Francesco Saverio d’Andrea, fu Avvocato Generale presso la Corte dei Conti.
Girolamo d’Andrea, votato alla carriera ecclesiastica fu Nunzio Apostolico in Svizzera.
Nominato Cardinale, ebbe la punizione del divieto dell’esercizio della giurisdizione episcopale per le sue idee liberali. Dopo di che si spense in Roma nel 1868.
Notizie ecclesiastiche: Roccamandolfi è stata sempre pertinente alla diocesi di Boiano, ha una sola parrocchia intitolata a S. Giacomo Maggiore che ne è pure patrono del Comune. Le chiese sono:
S.Giacomo Maggiore, chiesa parrocchiale ad una sola navata, riccamente addobbata,; in essa si custodisce il corpo di S. Liberato ed è meta di pellegrinaggi. In passato in essa si conservavano importanti opere d’arte, opere che furono rubate. Oggi si possono ammirare l’Altare Maggiore di gran pregio, la statua di S. Gaetano, opera del Di Zinno.
S. Sebastiano, edificata nel XVI secolo, la chiesa è sede della omonima Confraternita.
Altro:Roccamandolfi è uno dei più bei borghi del Molise. Tutta costruita con la pietra locale, ogni strada presenta qualche manufatto, opera di scalpellini locali oppure dei paesi vicini.
Nel suo centro storico si possono ammirare una croce viaria in pietra, le antiche misure cerealicole, portali di palazzi , ma anche di case più modeste con chiavi di volta, artisticamente elaborate.
Il monumento al brigante. La chiesa di S. Giacomo Maggiore con la statua del Di Zinno raffigurante S. Gaetano, l’organo a canne, il Santo Corpo di S. Liberato, meta di tanti pellegrinaggi antichi e recenti.
Ma è l’intero territorio il tesoro di questa località, tutto incastonato nel verde, la cui flora rigogliosa ci offre castagneti estesi, faggete, cerreti e una grandissima quantità di essenze e di erbe medicinali.
La località Campitello di Roccamandolfi, in agosto è sede della Festa del Pastore, durante la quale oltre ad offrirci gli ottimi prodotti caseari locali, non mancano piatti a base di funghi, specie porcini ed ovuli, arrosti di agnello.

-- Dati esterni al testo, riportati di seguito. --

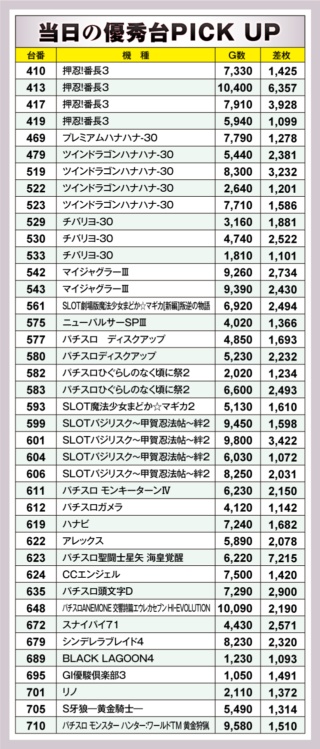 優秀台を見てみると、『パチスロ聖闘士星矢 海皇覚醒』の623番台が+7,215枚の大勝利。その実力を見せつけた。「ヒーローズレポート」の定番『押忍!番長3』も負けてはいない。413番台が+6,357枚でG数10,400Gを記録。また、417番台も+3,928枚と優秀だった。それに続いたのが『SLOTバジリスク〜甲賀忍法帖〜絆2』の601番台で、+3,422枚を記録した。以下、+3,232枚の『ツインドラゴンハナハナ-30』519番台などが盛り上がりを見せていた。

La prima domenica di giugno si celebra la Sagra della lumaca. In questo giorno si possono gustare lumache fatte nelle più svariate salse. Il 25 luglio si festeggia il Patrono S. Giacomo con manifestazioni varie.
Si può visitare il Museo del Brigantaggio. Moltissime sono le escursioni organizzate nel suo territorio, con passeggiate lungo i sentieri di montagna o visite ai canion, nei corsi d’acqua.
Rinomati sono i fagioli e le lenticchie di Roccamandolfi. Io, solo quando ho avuto la fortuna di mangiarne, grazie ad un vecchietto che fino a qualche anno fa me ne forniva, ho potuto capire perché Esau rinunciò alla primogenitura. Il loro sapore è inconfondibile, peccato che è rimasto solo qualcuno a coltivarne ancora.
I latticini e le carni sono altri prodotti di ottima qualità, specialmente i caciocavalli e i pecorini stagionati.